You have probably been doing this type of meditation without even realising that is what you have been doing.

  • Choose some soothing music and preferably with headphones relax as you listen to the music
  • Keep you mind focused on the music
  • Do not let random external thoughts disturb you as you listen to the music.

Do this for as long as you can stay focused on the music

Transcendental Meditation

This is a meditation that was extremely popular in the 1960’s but there are still many people who practise it.  Founded by Maharishi Mahesh Yogi, Transcendental Meditation became very popular when the Beatles made a visit the the Maharishi’s Ashram and learnt to meditate.  The discipline involves the use of a mantra, a word in Sanskrit that the meditator repeats during a 20-minute meditation session.  The Preparation is the same as the above. The mantra that suits you is given during a 2-day course, which are not cheap. Your mantra is not exclusive and is based on the teacher who trains you and your date of birth.

Breath Meditation

This is a meditation that focuses on your breathing and can be done anywhere but to start it is good to adopt the preparation above.  It consists of being aware of the breath and silently counting the breath in and silently counting the breath out.  The total focus is the breath and the idea is to keep your mind focused on the breath.  As the breath never leaves you – this is a meditation that can be done absolutely anywhere – for as long or as short as you like.

Mindfulness Meditation

This is probably the most popular form of meditation in this present day.  It was founded by Jon Kabat-Zin in 1979 and is now practised throughout the world in hospitals, and Mindfulness Meditation Schools. It involves breath awareness but also body awareness. As you focus on the in-breath and out-breath you also focus your attention on your physical body from the toes upwards.  It is a meditation that can be done anywhere.

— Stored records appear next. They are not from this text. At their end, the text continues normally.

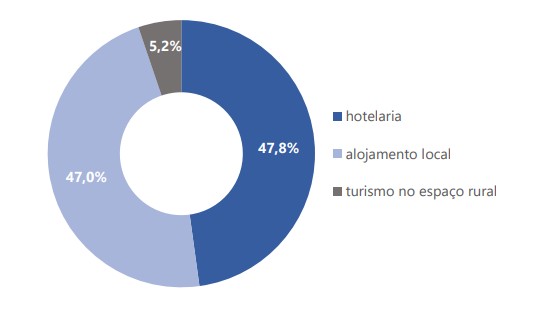 Considerando o conjunto dos estabelecimentos de alojamento turístico, a hotelaria concentrou 47,8% da totalidade de dormidas (247,0 mil dormidas), seguindo-se o alojamento local com 47,0% (242,5 mil dormidas) e o turismo no espaço rural com 5,2% (26,9 mil dormidas).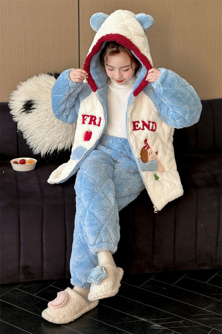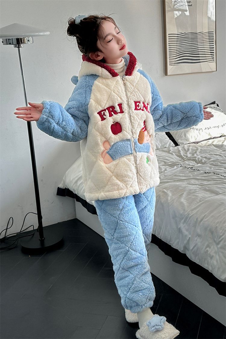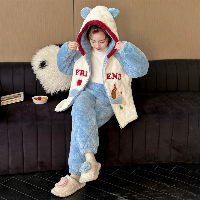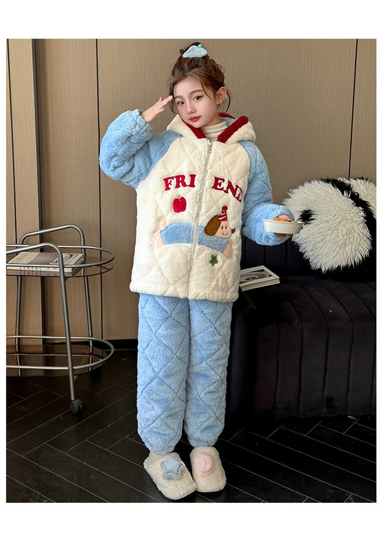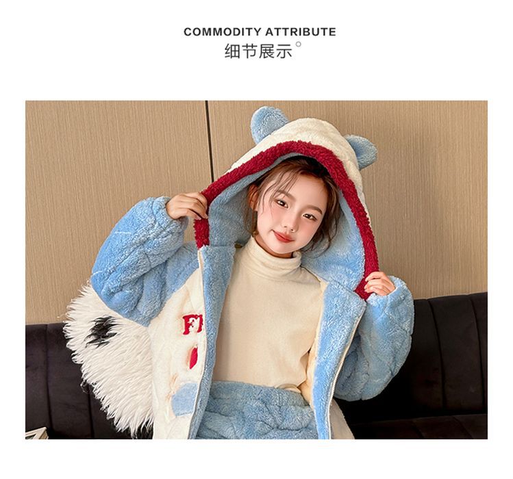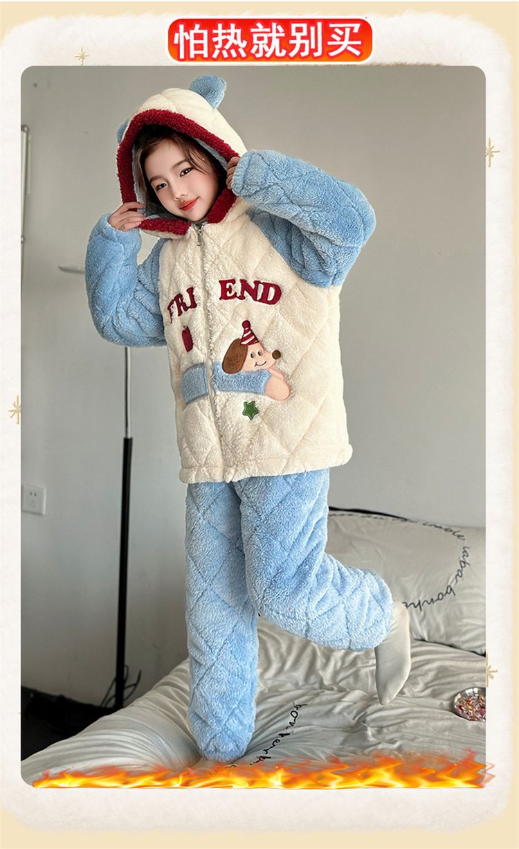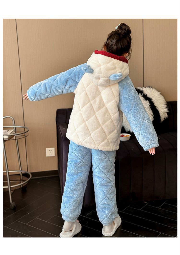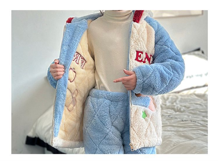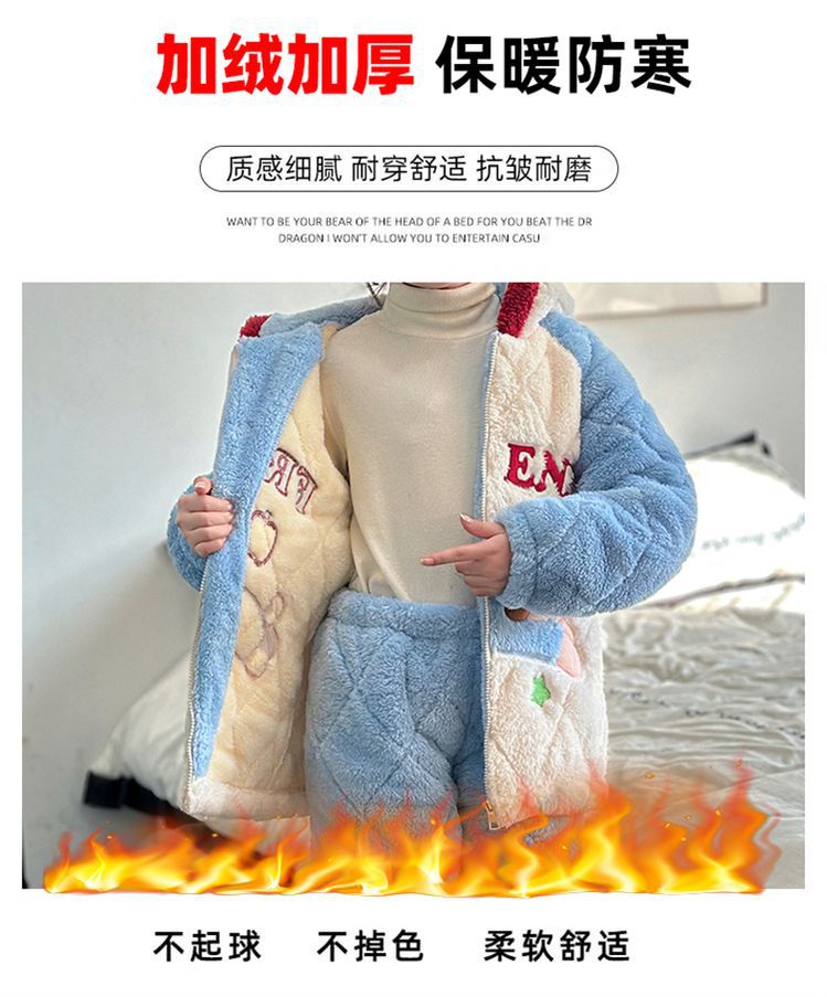걸스 3 층 퀼트 파자마 세트 어린이 겨울 기모 두꺼운 따뜻한 외모가 후드 홈 옷을 입고스토어 가기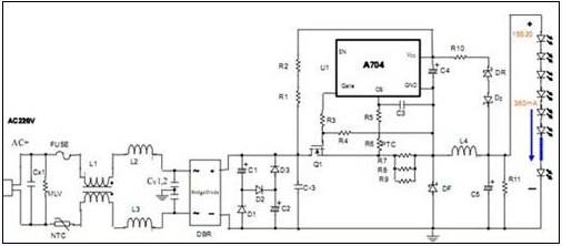 5、A704的LED日光應用方案比較成熟可靠,我們可提供LED日光燈可過EMC測試的PCB線路及BOM表參考,提高客戶設計開發(fā)產(chǎn)品的速度!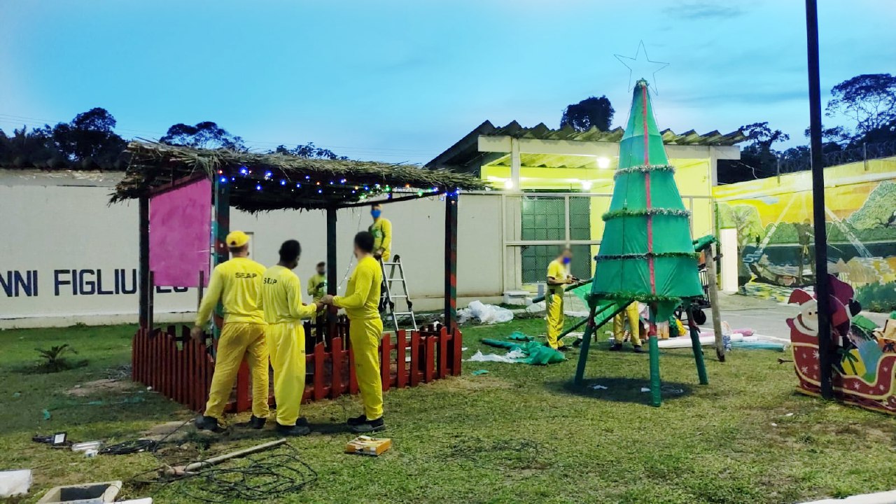 MANAUS – AM | Com o início do mês de dezembro, a Secretaria de Estado de Administração Penitenciária (Seap) também iniciou os trabalhos de ornamentação natalina nas unidades prisionais da capital e do interior do Amazonas. Os estabelecimentos penitenciários estão ganhando uma nova aura com os itens tradicionais que remetem ao período festivo. Tudo é preparado com o zelo e a dedicação dos reeducandos do programa de ressocialização Trabalhando a Liberdade.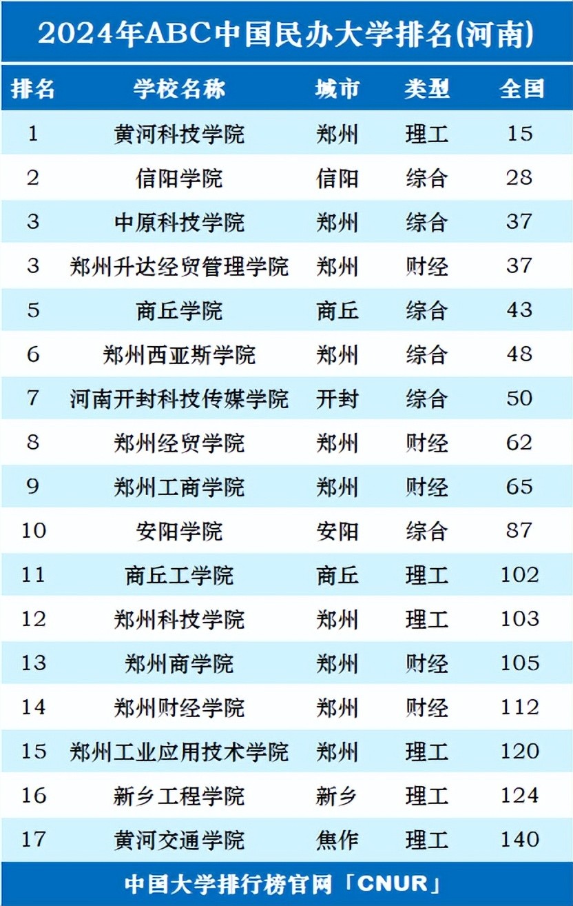 另外,河南省共有17所民办大学上榜2024年ABC中国民办大学排名,分别为黄河科技学院(全国第15)、信阳学院(全国第28)、中原科技学院(全国第37)、郑州升达经贸管理学院(全国第37)、商丘学院(全国第43)等。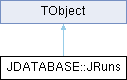Inheritance diagram for JDATABASE::JRuns: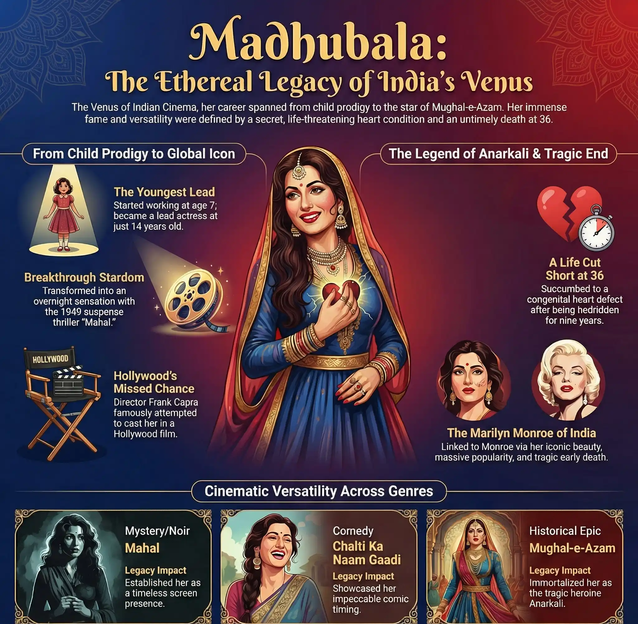 Madhubala was more than just a beautiful face; she was a force of nature whose brilliance burned too bright, too fast. Her life was a poignant mix of cinematic glory and personal tragedy. Even decades after her death, her smile in Chalti Ka Naam Gaadi and her defiant gaze in Mughal-e-Azam continue to haunt and heal millions of fans. She remains, in every sense, the eternal Anarkali of Indian cinema.

Of course there are many other forms of meditation but any of the above will give you a good start. Learning to meditate in a group is also very helpful and it is worth searching out a local meditation group. Having to go to a class every week is another way to help you maintain your discipline.

Meditation Combats Sleep Deprivation

Meditation Combats Sleep Deprivation

Sleep deprivation is something that stops any person from performing at their best. As you get older it can become more difficult to sleep and coupled with an ageing body this results in your days not being as productive or as enjoyable as you may want them to be.  However it seems help is on the way to help you sleep. A study involving a group of 55+ people who attended a 6-week mindfulness meditation program showed remarkable improvements in their sleep quality. It was shown that meditation combats sleep deprivation resulting in a better night’s sleep for older people. The study was lead by Dr David Black an assistant professor of preventive medicine at the University of Southern California.

Dr Black said that mindfulness meditation probably helped settle the brain’s arousal systems. As meditation has no known side-effects, unlike prescription sleeping-drugs, mindfulness meditation is a good alternative. The study lasted 12 months and involved 2 groups. 

One group changed their routine prior to sleep. They established a more regular routine for going to bed and avoided caffeine and alcohol prior to sleep. The other group attended a 6-week mindfulness meditation course led by a qualified instructor. At the end of the study the people who did the meditation approach showed a better quality of sleep than the non-meditation group.

The study showed that Meditation was very beneficial in combating sleep deprivation in older people.